*Brief:* Exclude the pictures, and otherwise reproduce the data in full.

*Exercise data:*
§
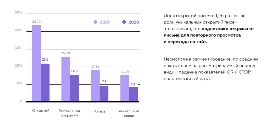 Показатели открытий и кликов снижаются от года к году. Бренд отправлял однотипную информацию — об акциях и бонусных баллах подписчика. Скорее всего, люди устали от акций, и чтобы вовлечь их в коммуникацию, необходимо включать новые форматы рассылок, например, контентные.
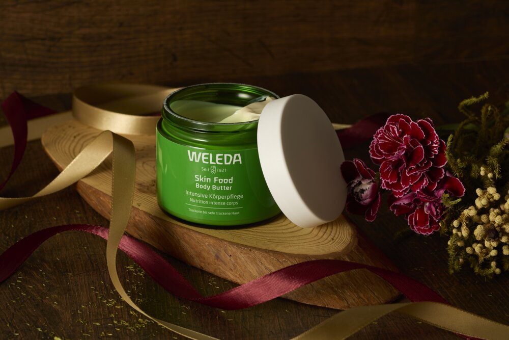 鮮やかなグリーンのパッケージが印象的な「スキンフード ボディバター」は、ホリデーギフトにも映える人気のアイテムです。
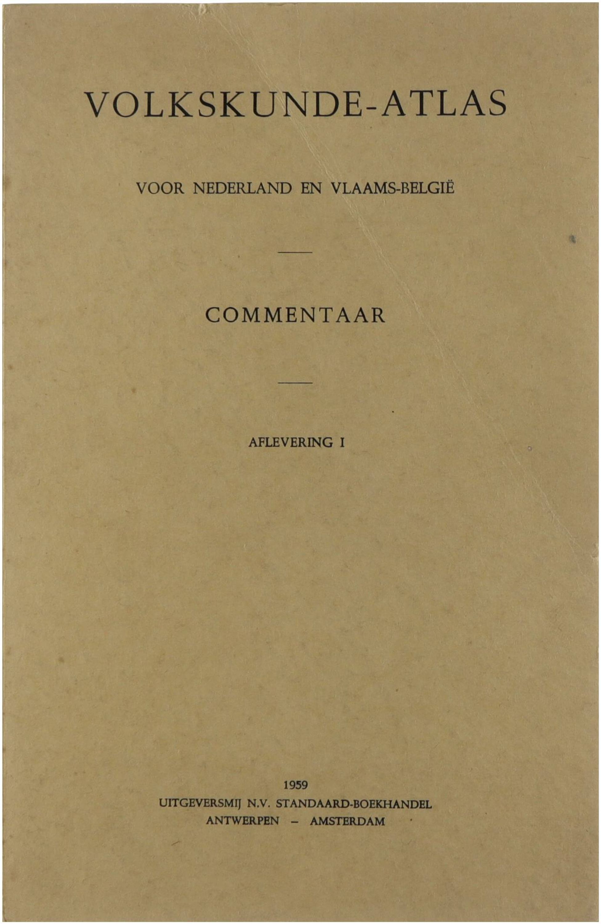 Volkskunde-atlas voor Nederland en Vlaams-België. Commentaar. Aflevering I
§
*Answer to the problem:*
 Показатели открытий и кликов снижаются от года к году. Бренд отправлял однотипную информацию — об акциях и бонусных баллах подписчика. Скорее всего, люди устали от акций, и чтобы вовлечь их в коммуникацию, необходимо включать новые форматы рассылок, например, контентные.
 鮮やかなグリーンのパッケージが印象的な「スキンフード ボディバター」は、ホリデーギフトにも映える人気のアイテムです。
 Volkskunde-atlas voor Nederland en Vlaams-België. Commentaar. Aflevering I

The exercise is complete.